Extracted records
────────────────────────────────────────
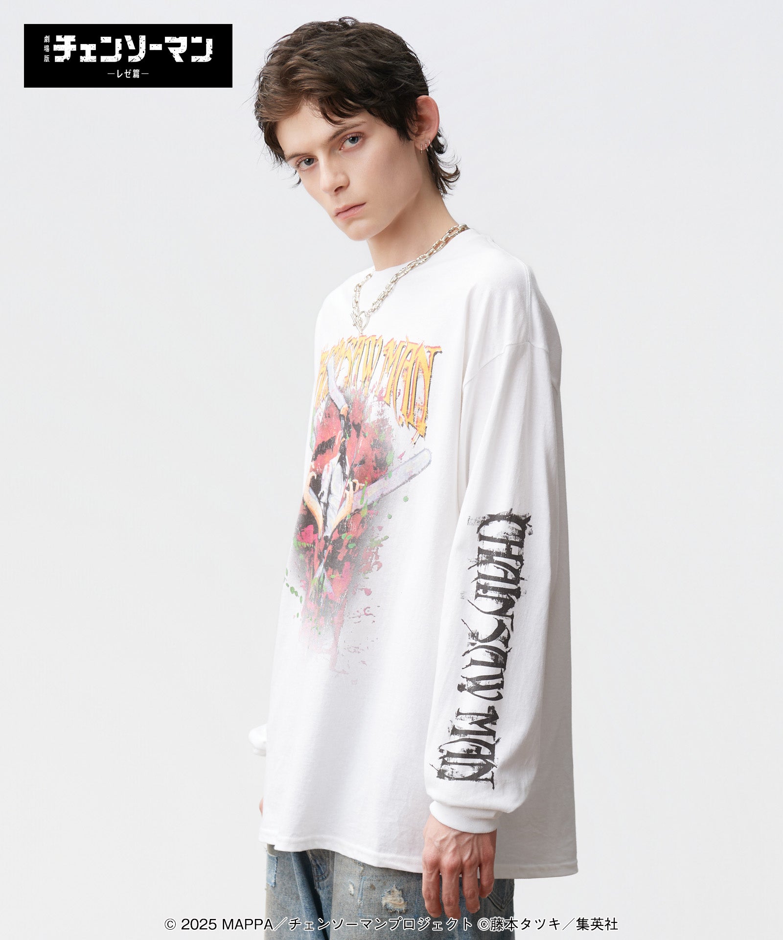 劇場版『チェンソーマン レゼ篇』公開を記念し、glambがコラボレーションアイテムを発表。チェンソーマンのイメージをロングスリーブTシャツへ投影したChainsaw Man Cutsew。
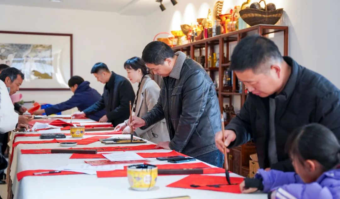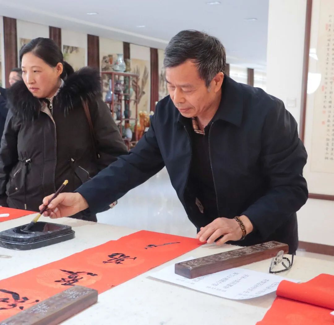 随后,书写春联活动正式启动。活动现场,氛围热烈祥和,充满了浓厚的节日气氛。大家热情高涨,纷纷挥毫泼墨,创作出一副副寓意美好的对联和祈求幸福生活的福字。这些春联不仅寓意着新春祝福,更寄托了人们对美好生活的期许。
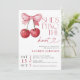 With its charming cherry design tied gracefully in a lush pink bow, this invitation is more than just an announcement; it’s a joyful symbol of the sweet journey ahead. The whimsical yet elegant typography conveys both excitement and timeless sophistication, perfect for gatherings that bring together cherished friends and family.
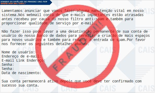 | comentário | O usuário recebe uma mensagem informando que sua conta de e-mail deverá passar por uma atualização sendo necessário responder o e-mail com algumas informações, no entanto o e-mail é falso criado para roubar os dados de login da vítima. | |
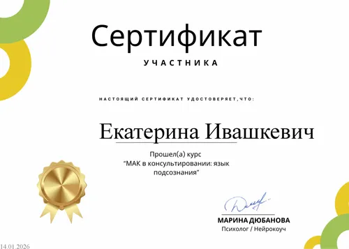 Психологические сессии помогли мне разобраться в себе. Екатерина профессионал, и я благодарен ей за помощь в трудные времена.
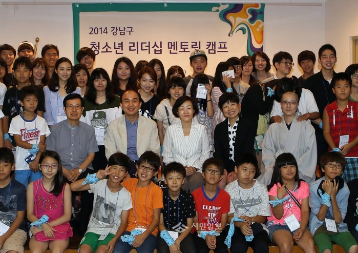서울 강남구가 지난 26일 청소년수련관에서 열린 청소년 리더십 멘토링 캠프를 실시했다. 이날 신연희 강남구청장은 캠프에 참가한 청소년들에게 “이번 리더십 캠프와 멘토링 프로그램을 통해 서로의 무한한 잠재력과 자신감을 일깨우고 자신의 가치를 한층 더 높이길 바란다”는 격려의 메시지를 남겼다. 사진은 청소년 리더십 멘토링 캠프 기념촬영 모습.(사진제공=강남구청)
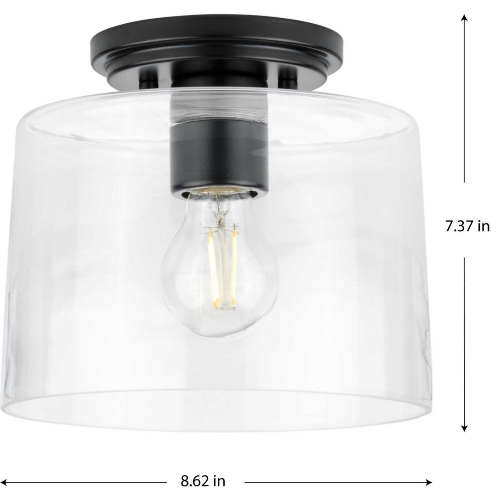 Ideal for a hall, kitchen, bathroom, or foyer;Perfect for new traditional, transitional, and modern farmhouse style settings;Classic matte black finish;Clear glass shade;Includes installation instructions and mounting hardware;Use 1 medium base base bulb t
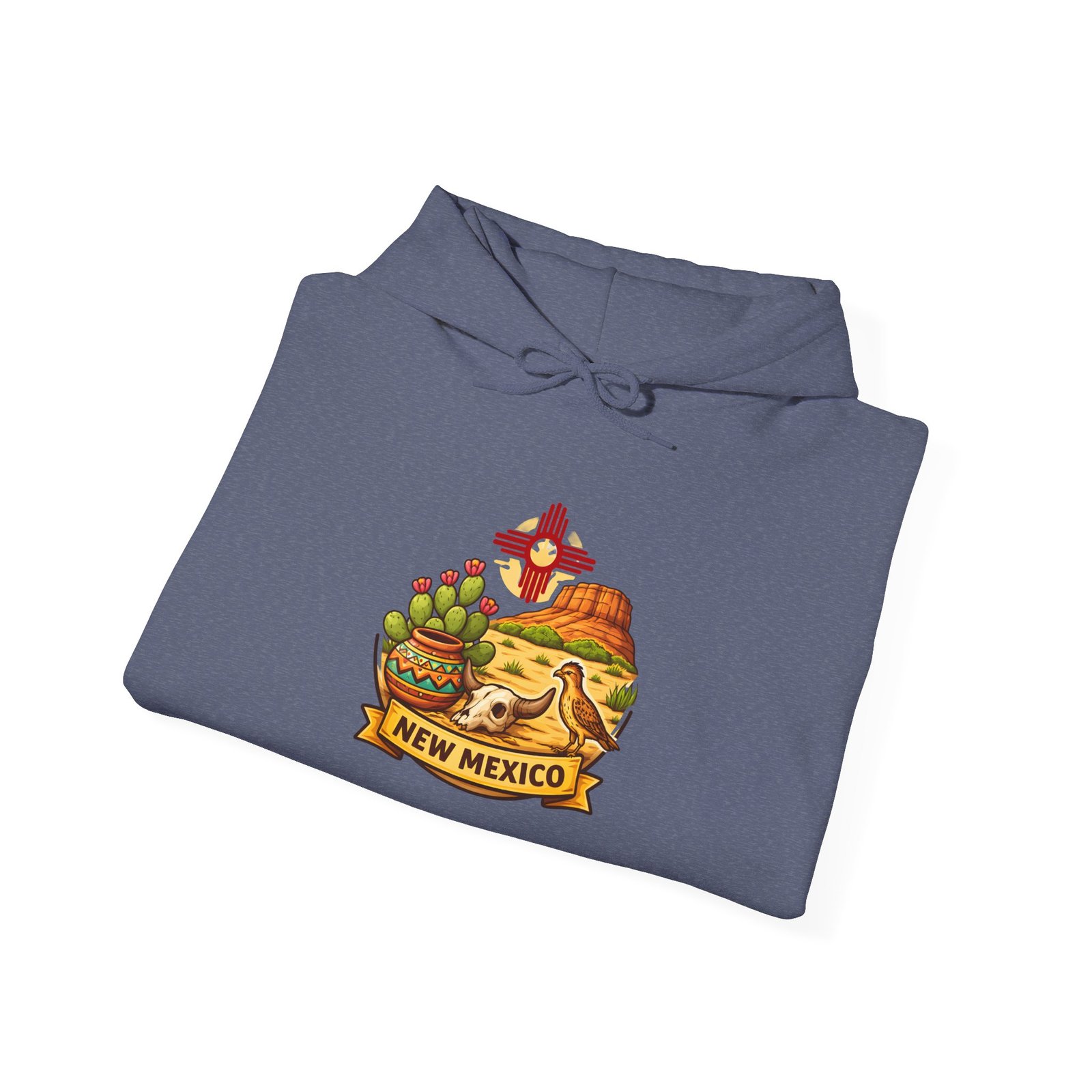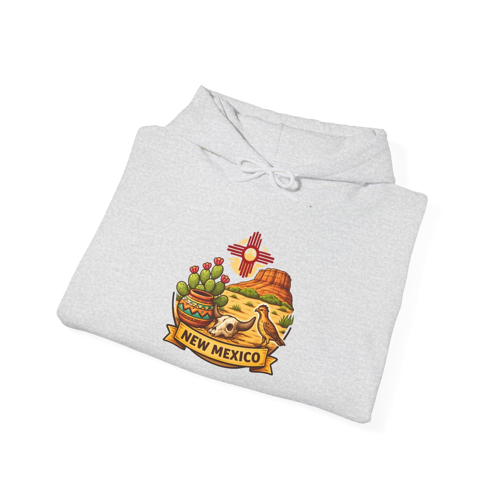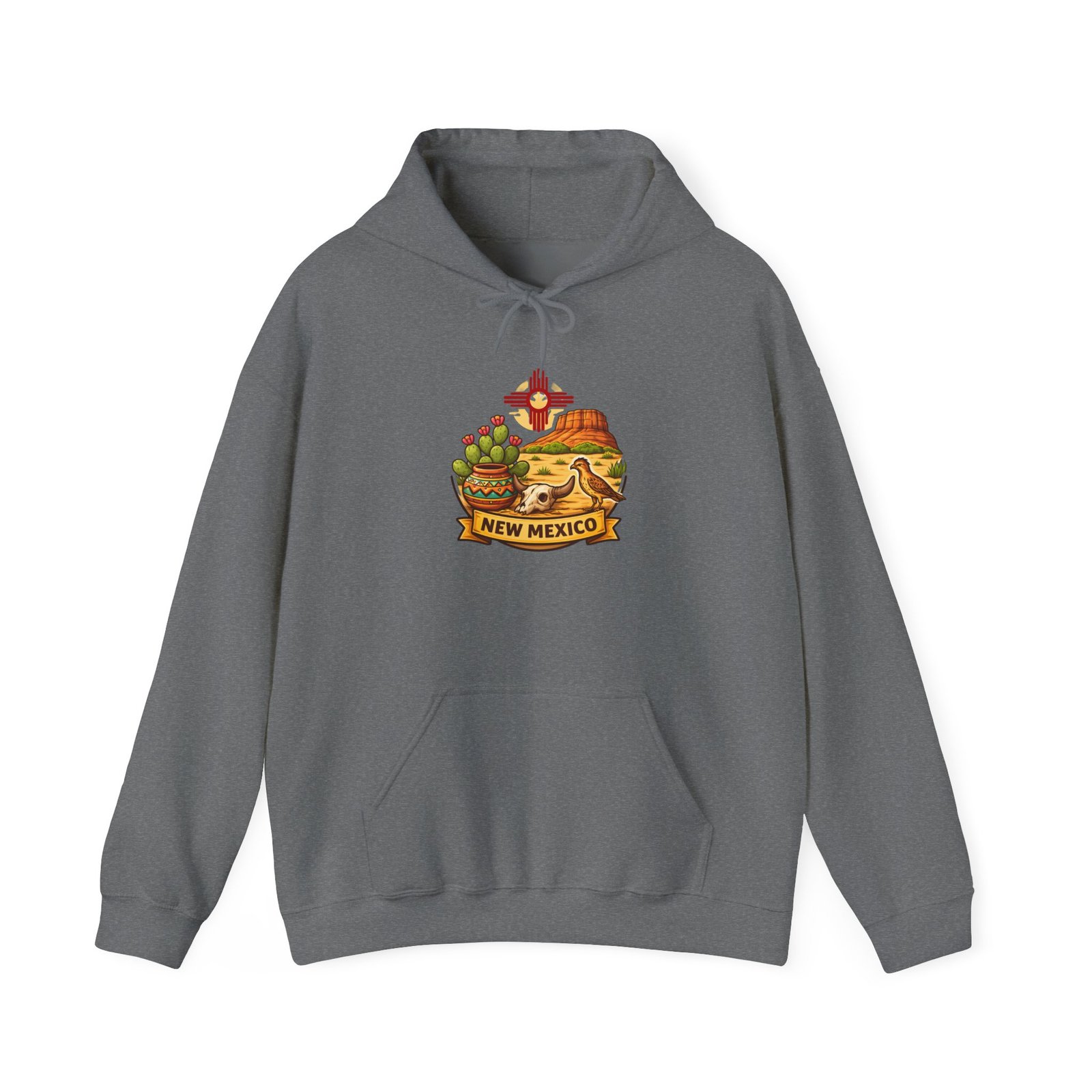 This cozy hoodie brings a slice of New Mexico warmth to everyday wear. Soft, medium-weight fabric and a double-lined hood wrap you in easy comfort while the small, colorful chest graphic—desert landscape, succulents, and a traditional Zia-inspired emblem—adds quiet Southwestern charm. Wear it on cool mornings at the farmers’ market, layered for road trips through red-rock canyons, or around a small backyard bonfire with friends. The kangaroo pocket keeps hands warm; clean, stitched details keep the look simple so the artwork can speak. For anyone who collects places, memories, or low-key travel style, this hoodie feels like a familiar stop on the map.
────────────────────────────────────────
* [WHAT THE EXERCISE ASKS]: Copy every record exactly, dropping the images.

* [TASK OUTPUT]:
 劇場版『チェンソーマン レゼ篇』公開を記念し、glambがコラボレーションアイテムを発表。チェンソーマンのイメージをロングスリーブTシャツへ投影したChainsaw Man Cutsew。
 随后,书写春联活动正式启动。活动现场,氛围热烈祥和,充满了浓厚的节日气氛。大家热情高涨,纷纷挥毫泼墨,创作出一副副寓意美好的对联和祈求幸福生活的福字。这些春联不仅寓意着新春祝福,更寄托了人们对美好生活的期许。
 With its charming cherry design tied gracefully in a lush pink bow, this invitation is more than just an announcement; it’s a joyful symbol of the sweet journey ahead. The whimsical yet elegant typography conveys both excitement and timeless sophistication, perfect for gatherings that bring together cherished friends and family.
 | comentário | O usuário recebe uma mensagem informando que sua conta de e-mail deverá passar por uma atualização sendo necessário responder o e-mail com algumas informações, no entanto o e-mail é falso criado para roubar os dados de login da vítima. | |
 Психологические сессии помогли мне разобраться в себе. Екатерина профессионал, и я благодарен ей за помощь в трудные времена.
서울 강남구가 지난 26일 청소년수련관에서 열린 청소년 리더십 멘토링 캠프를 실시했다. 이날 신연희 강남구청장은 캠프에 참가한 청소년들에게 “이번 리더십 캠프와 멘토링 프로그램을 통해 서로의 무한한 잠재력과 자신감을 일깨우고 자신의 가치를 한층 더 높이길 바란다”는 격려의 메시지를 남겼다. 사진은 청소년 리더십 멘토링 캠프 기념촬영 모습.(사진제공=강남구청)
 Ideal for a hall, kitchen, bathroom, or foyer;Perfect for new traditional, transitional, and modern farmhouse style settings;Classic matte black finish;Clear glass shade;Includes installation instructions and mounting hardware;Use 1 medium base base bulb t
 This cozy hoodie brings a slice of New Mexico warmth to everyday wear. Soft, medium-weight fabric and a double-lined hood wrap you in easy comfort while the small, colorful chest graphic—desert landscape, succulents, and a traditional Zia-inspired emblem—adds quiet Southwestern charm. Wear it on cool mornings at the farmers’ market, layered for road trips through red-rock canyons, or around a small backyard bonfire with friends. The kangaroo pocket keeps hands warm; clean, stitched details keep the look simple so the artwork can speak. For anyone who collects places, memories, or low-key travel style, this hoodie feels like a familiar stop on the map.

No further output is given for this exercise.